21 Again, this argot term is unknown to available dictionaries, but it probably derives either from a diminutive of chat [cat] or a variant of the chatouiller [to tickle]. A more intriguing possibility, however
, is that it might derive from Catalauni, a Latin name applied to a Gallic tribe from a region adjacent to Thiérache. Attila’s Huns were defeated in that region in a battle that turned the horde away from Gaul, perhaps lending some credence to the notion of an earlier invasion of a similar kind.

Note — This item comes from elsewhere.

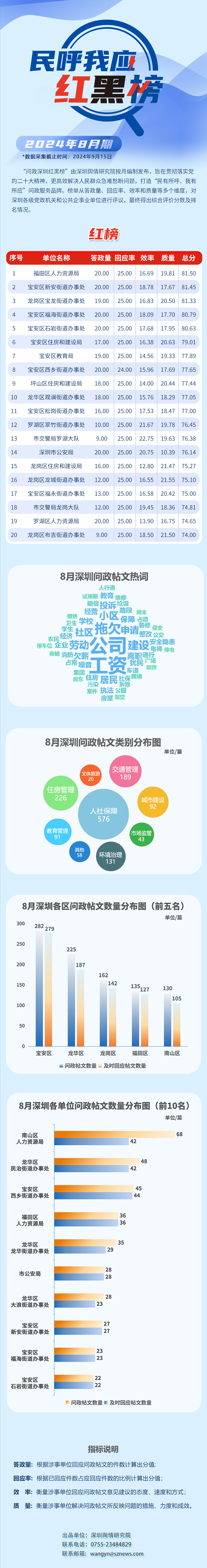 “深圳民呼我應(yīng)紅黑榜”由深圳輿情研究院按月編制發(fā)布,旨在貫徹落實(shí)黨的二十大精神,更高效解決人民群眾急難愁盼問(wèn)題,打造“民有所呼、我有所應(yīng)”問(wèn)政服務(wù)品牌。榜單從答政量、回應(yīng)率、效率和質(zhì)量等多個(gè)維度對(duì)深圳各級(jí)黨政機(jī)關(guān)和公共企事業(yè)單位進(jìn)行評(píng)議,最終得出綜合評(píng)價(jià)分?jǐn)?shù)及排名情況。

22 At a later point in the text this word will be identified as a plural version of a dialect equivalent of “capharnaüm”; in literal terms, a capharnaüm was a kind of toll-booth in the Ottoman empire, but the term was used metaphorically in France as an approximate equivalent of the English “glory-hole.”
23 This reference—echoed subsequently—recalls Aesop’s fable of the jackdaw who donned peacock’s plumage in order to show off but was undone when it came unstuck.
24 Le Jardin des racines grecques [The Garden of Greek Roots] was a popular educational aid whose original version was compiled in the 17th century, a list of linguistic roots compiled by Claude Lancelot being integrated into verses by Louis Isaac le Maistre de Say.
25 Golden mean
26 Approximately, On the enlightening illustration by the obscure Heraclitus of the fact that being and nothingness are essentially the same thing.
27 In the 19th century, the children of aristocrats were routinely handed over to wet-nurses for feeding, thus acquiring “foster-siblings” with whom they sometimes maintained unequal but close friendships.